** SUPPLIED DATA follows **

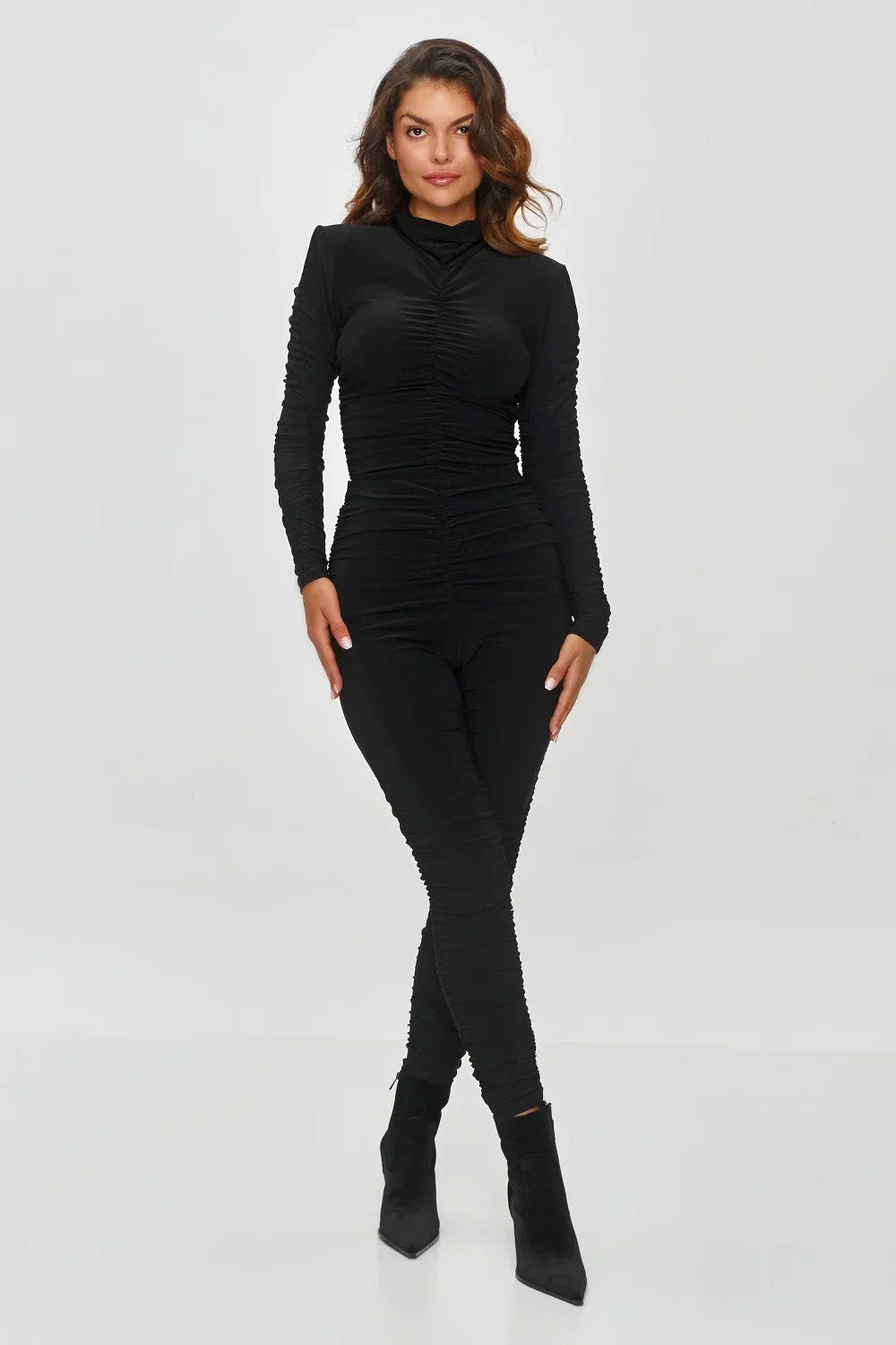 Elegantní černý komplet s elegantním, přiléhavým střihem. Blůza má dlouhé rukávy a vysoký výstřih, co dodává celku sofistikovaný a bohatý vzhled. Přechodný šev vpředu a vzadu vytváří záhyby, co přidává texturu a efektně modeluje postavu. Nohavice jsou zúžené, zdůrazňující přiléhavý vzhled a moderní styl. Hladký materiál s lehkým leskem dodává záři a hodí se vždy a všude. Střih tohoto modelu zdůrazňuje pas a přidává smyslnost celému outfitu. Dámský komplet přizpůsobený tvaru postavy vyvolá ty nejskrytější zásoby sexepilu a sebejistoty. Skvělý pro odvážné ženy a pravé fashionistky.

** End of SUPPLIED DATA **
** SUPPLIED DATA follows **

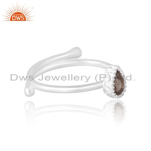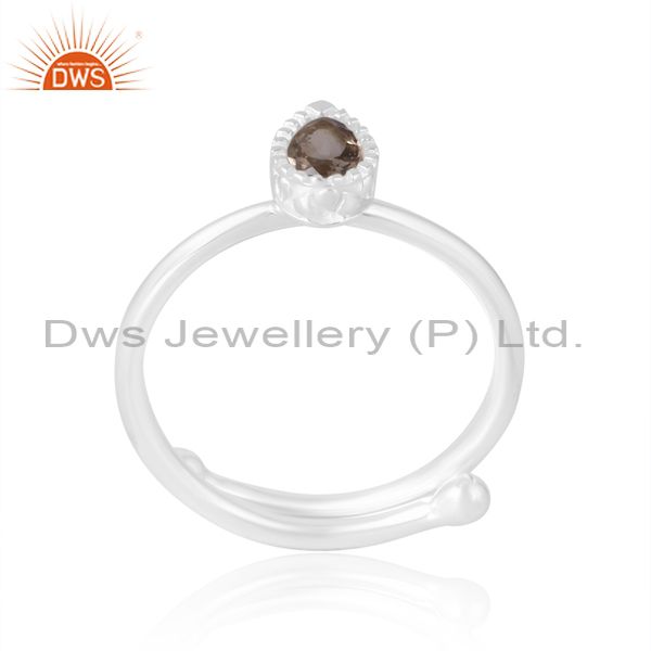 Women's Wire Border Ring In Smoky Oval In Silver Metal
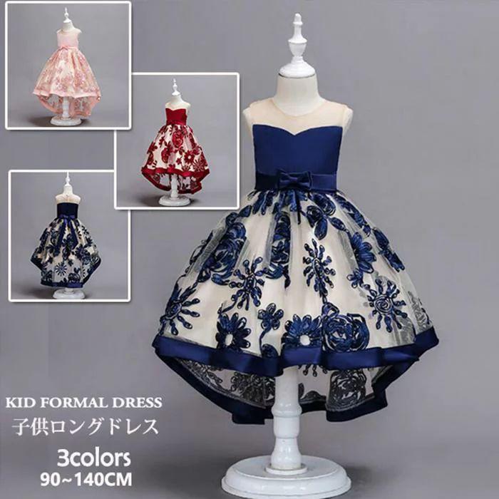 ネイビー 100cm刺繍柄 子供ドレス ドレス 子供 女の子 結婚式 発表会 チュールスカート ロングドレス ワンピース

** End of SUPPLIED DATA **
** SUPPLIED DATA follows **

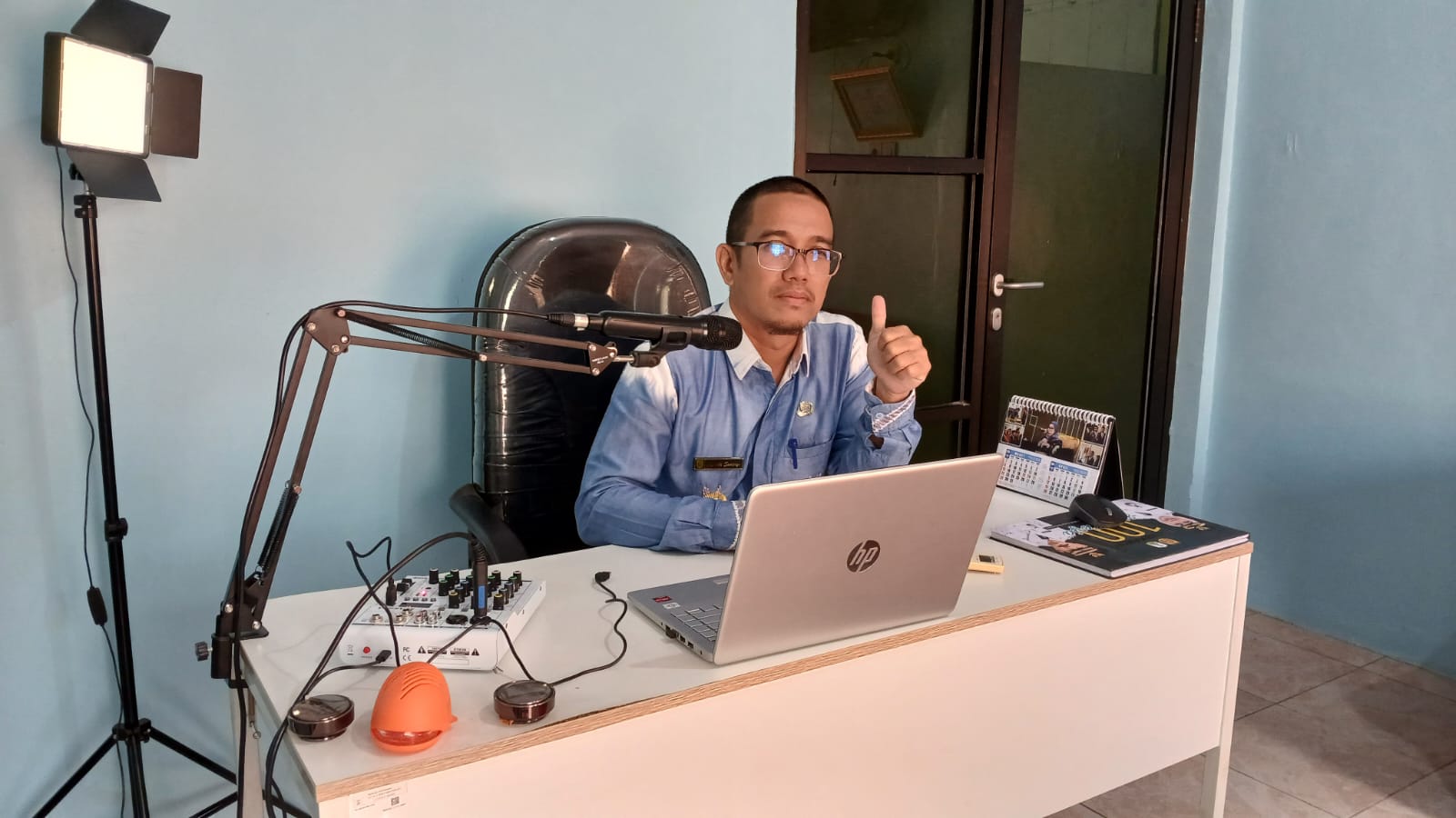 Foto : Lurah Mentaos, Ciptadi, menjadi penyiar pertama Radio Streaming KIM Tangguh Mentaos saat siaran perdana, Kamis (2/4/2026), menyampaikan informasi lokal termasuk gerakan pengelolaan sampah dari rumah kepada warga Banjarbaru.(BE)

** End of SUPPLIED DATA **

• [EXERCISE PROMPT]:
Copy out exactly the material that runs from the line with "Women's Wire Border" to the line with "ネイビー 100cm刺繍柄 子供ドレス", ends included, and leave the pictures behind.

• [RESULT OF THE TASK]:
 Women's Wire Border Ring In Smoky Oval In Silver Metal
 ネイビー 100cm刺繍柄 子供ドレス ドレス 子供 女の子 結婚式 発表会 チュールスカート ロングドレス ワンピース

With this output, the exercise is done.